1. Son of Heaven (February 2011)
2. Daylight on Iron Mountain (November 2011)
3. The Middle Kingdom (August 2012)
4. Ice and Fire (December 2012)
5. The Art of War (March 2013)
6. An Inch of Ashes (July 2013)
7. The Broken Wheel (November 2013)
8. The White Mountain (March 2014)

===Self-published re-release===
The first eight books of the re-release were self-published 22 June 2017 by Fragile Books publishing company, with later books published sporadically.
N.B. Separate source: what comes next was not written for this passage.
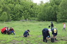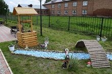 Трудовой лагерь плодотворно трудится на пришкольном участке. Уже почти полностью оформлен живописный декоративный уголок, в который очень гармонично вписались подаренные В.С. Курбатовой школе садовые гипсовые фигуры утки и аиста.
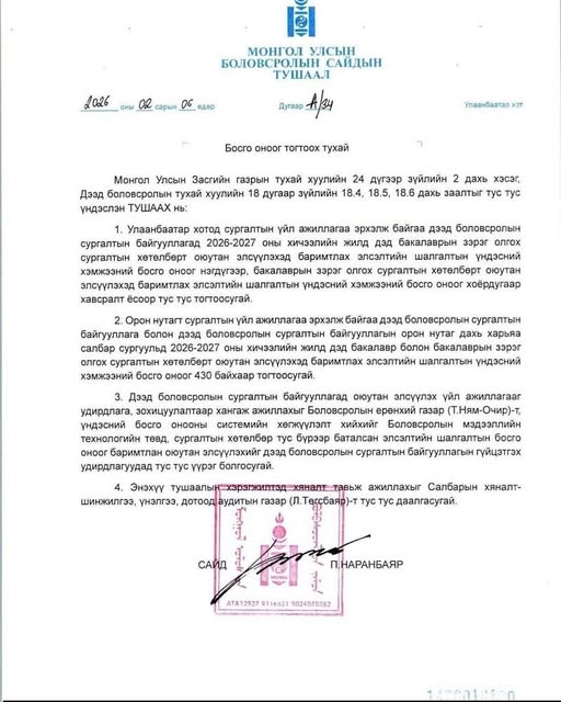 Боловсролын яамаас Элсэлтийн ерөнхий шалгалтын босго оноог 450-500 байхаар тогтоосон байна. Түүнчлэн дээд боловсролын сургалтын байгууллагын орон нутаг дахь харьяа салбар сургуульд 2026-2027 оны хичээлийн жилд дэд бакалавр болон бакалаврын зэрэг олгох сургалтын хөтөлбөрт оюутан элсүүлэх босго оноог 430 байхаар тогтоожээ.

The books are usually available as ebooks and physical copies.

1. Son of Heaven (published 22 June 2017)
2. Daylight on Iron Mountain (published 22 June 2017)
3. The Middle Kingdom (published 22 June 2017)
4. Ice and Fire (published 22 June 2017)
5. The Art of War (published 22 June 2017)
6. An Inch of Ashes (published 22 June 2017)
7. The Broken Wheel (published 22 June 2017)
8. The White Mountain (published 22 June 2017)
9. Monsters of the Deep (published 19 October 2017)
10. The Stone Within (published 20 September 2018)
11. Upon a Wheel of Fire (published 15 November 2019)
12. Beneath the Tree of Heaven (published 2 July 2020 in UK)
13. Song of the Bronze Statue (published 29 Sep 2022 in UK)
14. White Moon Red Dragon (published 25 Apr 2024 in UK)
15. China on the Rhine
16. Days of Bitter Strength
17. The Father of Lies
18. Blood and Iron
19. King of Infinite Space
20. The Marriage of the Living Dark

==Reception==
Reviews of the original eight-book series praised its scope and detailed worldbuilding, comparing it to Frank Herbert's Dune series, James Clavell's Shōgun and Isaac Asimov's Foundation series. The Washington Post declared the series was "one of the masterpieces of the decade". However, in 1990, The New York Times felt that Wingrove's vision of a Chinese-dominated future was unlikely and "ungrounded in historical process". One reviewer felt the final volume was so "nigh-incomprehensible" that it warranted a review of "a fake concluding novel".